--- Provided material ---

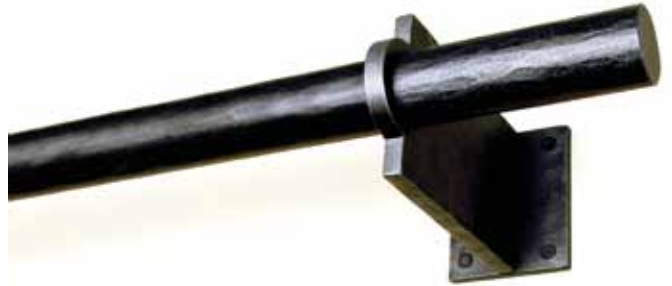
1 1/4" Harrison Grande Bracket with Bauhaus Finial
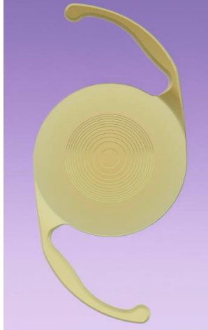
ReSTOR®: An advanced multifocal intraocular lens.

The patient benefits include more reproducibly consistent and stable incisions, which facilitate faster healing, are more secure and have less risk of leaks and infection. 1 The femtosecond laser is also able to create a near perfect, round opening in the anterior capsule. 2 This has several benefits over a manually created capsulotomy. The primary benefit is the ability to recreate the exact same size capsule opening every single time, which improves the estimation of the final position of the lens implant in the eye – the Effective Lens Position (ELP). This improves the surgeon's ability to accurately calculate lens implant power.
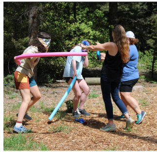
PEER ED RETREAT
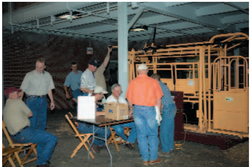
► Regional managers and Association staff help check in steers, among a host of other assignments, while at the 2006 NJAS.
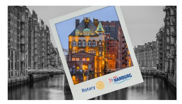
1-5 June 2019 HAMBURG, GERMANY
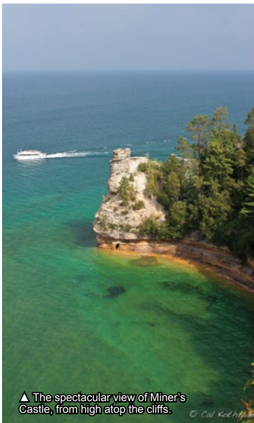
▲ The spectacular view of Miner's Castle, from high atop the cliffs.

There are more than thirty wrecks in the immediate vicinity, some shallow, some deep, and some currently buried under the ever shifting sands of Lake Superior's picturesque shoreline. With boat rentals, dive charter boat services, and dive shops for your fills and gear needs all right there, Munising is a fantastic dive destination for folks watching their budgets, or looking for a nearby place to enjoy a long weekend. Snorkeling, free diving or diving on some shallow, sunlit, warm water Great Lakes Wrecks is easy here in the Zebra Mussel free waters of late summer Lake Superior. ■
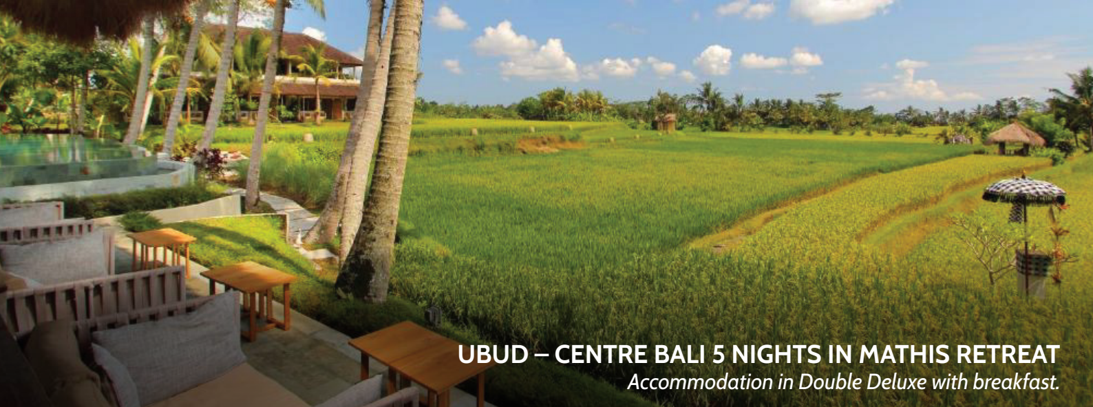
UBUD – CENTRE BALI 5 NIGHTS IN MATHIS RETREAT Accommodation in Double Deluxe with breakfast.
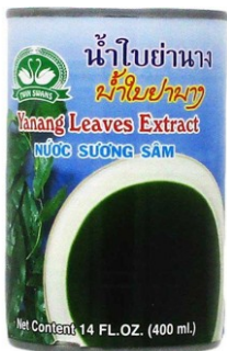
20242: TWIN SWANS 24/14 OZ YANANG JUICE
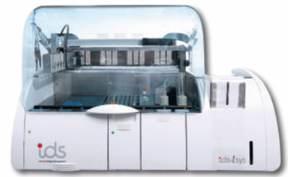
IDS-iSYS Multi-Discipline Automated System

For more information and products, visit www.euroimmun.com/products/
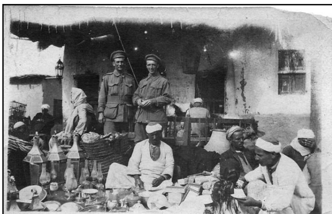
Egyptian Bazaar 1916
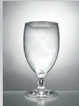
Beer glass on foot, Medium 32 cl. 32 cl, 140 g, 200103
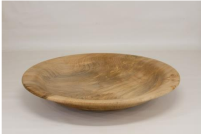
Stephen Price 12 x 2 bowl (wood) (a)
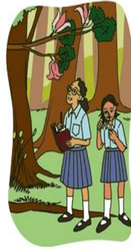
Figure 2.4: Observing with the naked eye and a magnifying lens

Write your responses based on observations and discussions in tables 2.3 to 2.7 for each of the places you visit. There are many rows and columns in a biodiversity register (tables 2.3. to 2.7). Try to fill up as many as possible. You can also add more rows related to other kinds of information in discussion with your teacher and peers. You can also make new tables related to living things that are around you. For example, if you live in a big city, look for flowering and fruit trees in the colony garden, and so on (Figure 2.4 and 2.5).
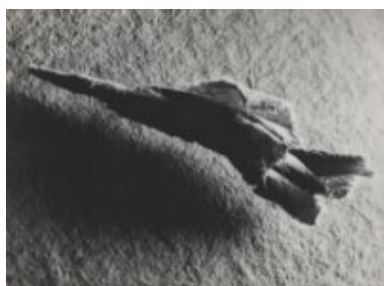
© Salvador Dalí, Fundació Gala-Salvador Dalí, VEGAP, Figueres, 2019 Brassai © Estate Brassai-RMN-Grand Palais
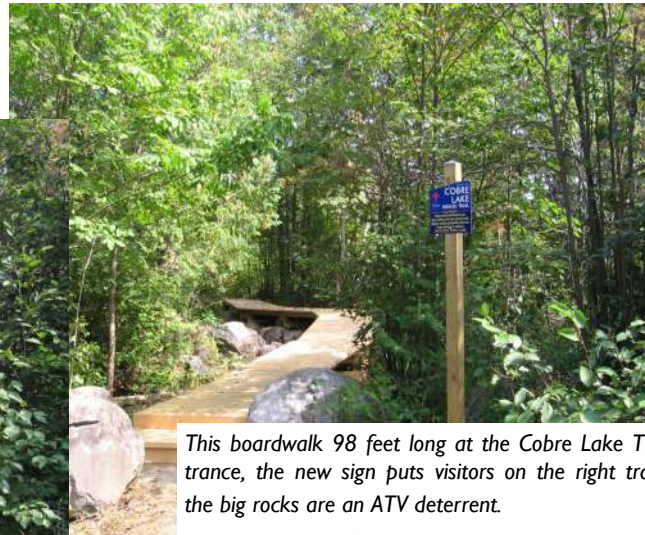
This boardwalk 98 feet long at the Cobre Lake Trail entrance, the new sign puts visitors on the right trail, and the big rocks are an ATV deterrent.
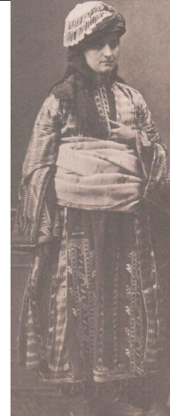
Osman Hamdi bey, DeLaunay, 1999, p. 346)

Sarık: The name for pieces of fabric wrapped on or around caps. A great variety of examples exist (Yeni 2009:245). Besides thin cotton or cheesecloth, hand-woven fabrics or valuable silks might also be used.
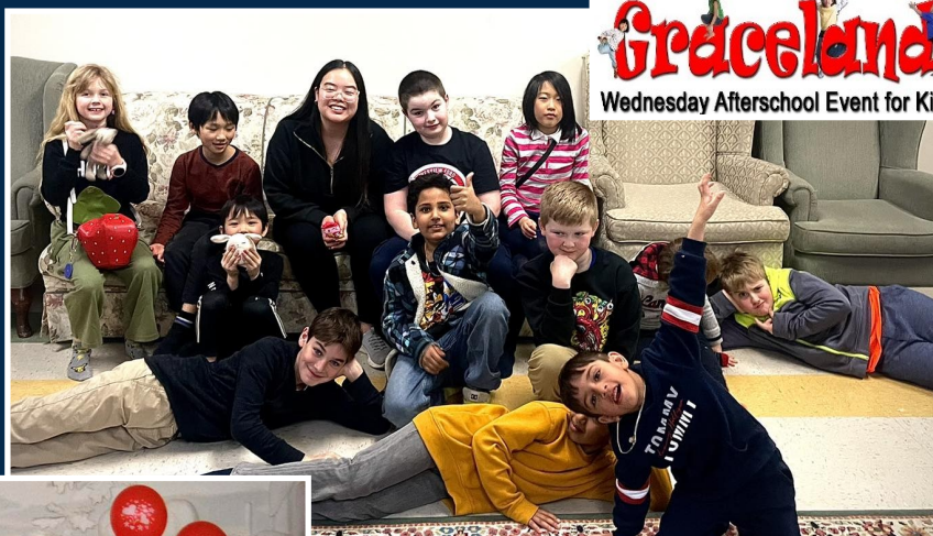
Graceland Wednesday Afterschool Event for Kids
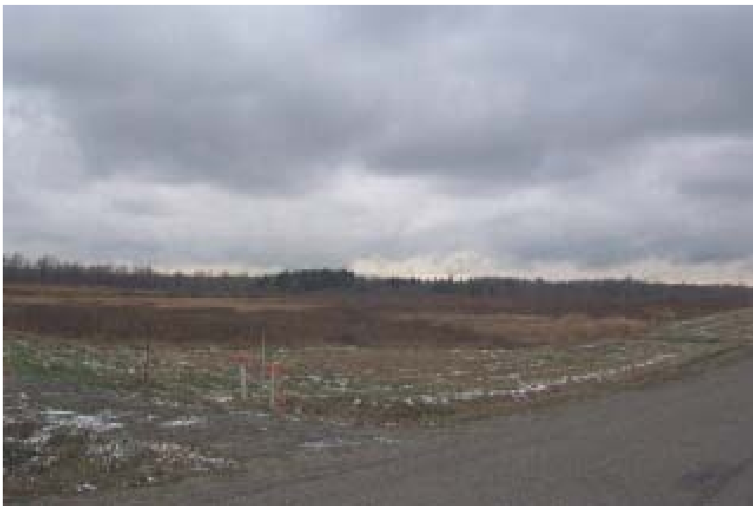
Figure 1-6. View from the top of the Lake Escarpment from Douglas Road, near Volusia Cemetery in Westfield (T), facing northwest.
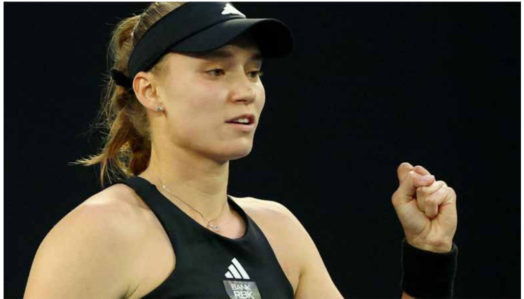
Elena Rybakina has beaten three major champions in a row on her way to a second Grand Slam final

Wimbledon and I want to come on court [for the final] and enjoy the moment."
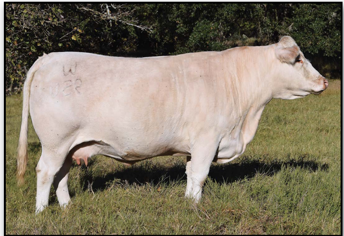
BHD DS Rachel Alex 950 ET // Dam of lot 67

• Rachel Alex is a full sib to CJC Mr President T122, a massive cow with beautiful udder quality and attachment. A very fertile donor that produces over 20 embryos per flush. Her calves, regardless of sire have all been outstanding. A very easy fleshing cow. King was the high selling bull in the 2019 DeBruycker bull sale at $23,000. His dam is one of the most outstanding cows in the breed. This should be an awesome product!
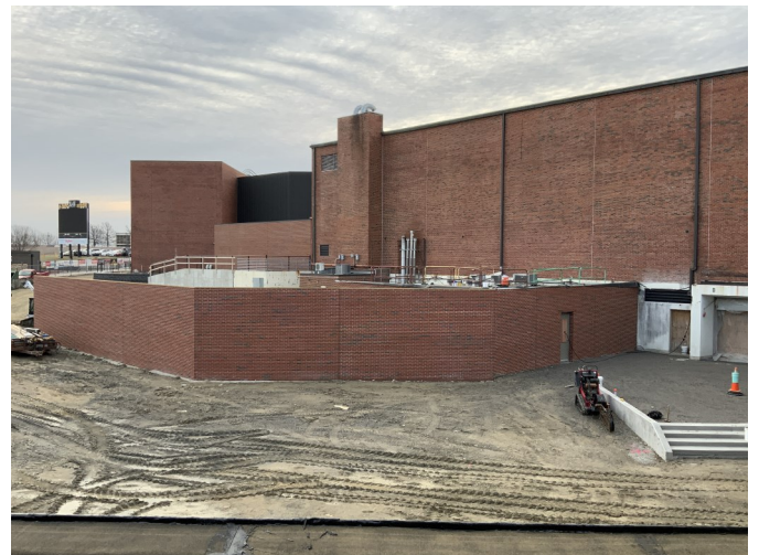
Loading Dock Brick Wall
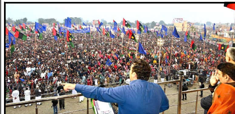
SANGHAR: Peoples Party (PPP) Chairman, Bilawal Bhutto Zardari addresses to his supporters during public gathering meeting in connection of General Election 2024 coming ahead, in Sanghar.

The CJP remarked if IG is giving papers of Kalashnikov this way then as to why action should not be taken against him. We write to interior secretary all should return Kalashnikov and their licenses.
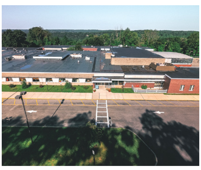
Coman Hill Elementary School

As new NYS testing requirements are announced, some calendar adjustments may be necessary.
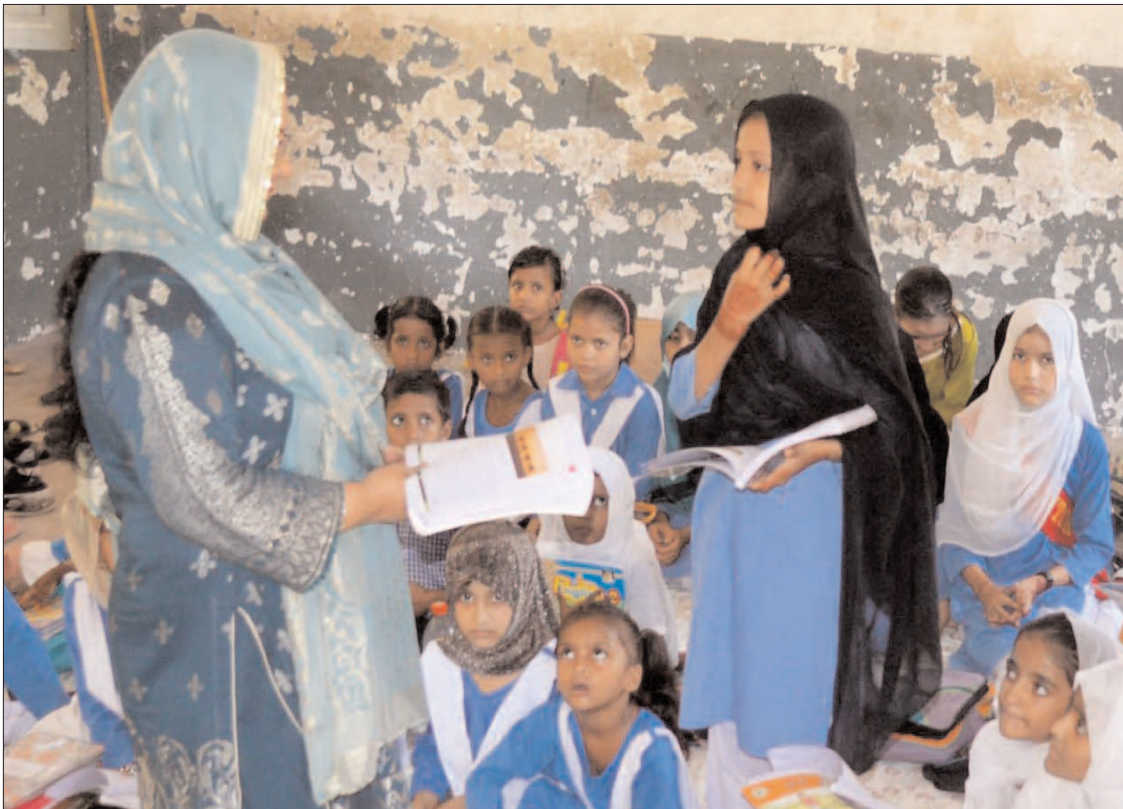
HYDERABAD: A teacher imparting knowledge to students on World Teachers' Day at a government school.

---

Exercise description: The answer must be the lines above from the one containing "Egyptian Bazaar 1916" through the one containing "Estate Brassai-RMN-Grand Palais", reproduced exactly, with no pictures and nothing else.

Answer below:
Egyptian Bazaar 1916
Beer glass on foot, Medium 32 cl. 32 cl, 140 g, 200103
Stephen Price 12 x 2 bowl (wood) (a)
Figure 2.4: Observing with the naked eye and a magnifying lens

Write your responses based on observations and discussions in tables 2.3 to 2.7 for each of the places you visit. There are many rows and columns in a biodiversity register (tables 2.3. to 2.7). Try to fill up as many as possible. You can also add more rows related to other kinds of information in discussion with your teacher and peers. You can also make new tables related to living things that are around you. For example, if you live in a big city, look for flowering and fruit trees in the colony garden, and so on (Figure 2.4 and 2.5).
© Salvador Dalí, Fundació Gala-Salvador Dalí, VEGAP, Figueres, 2019 Brassai © Estate Brassai-RMN-Grand Palais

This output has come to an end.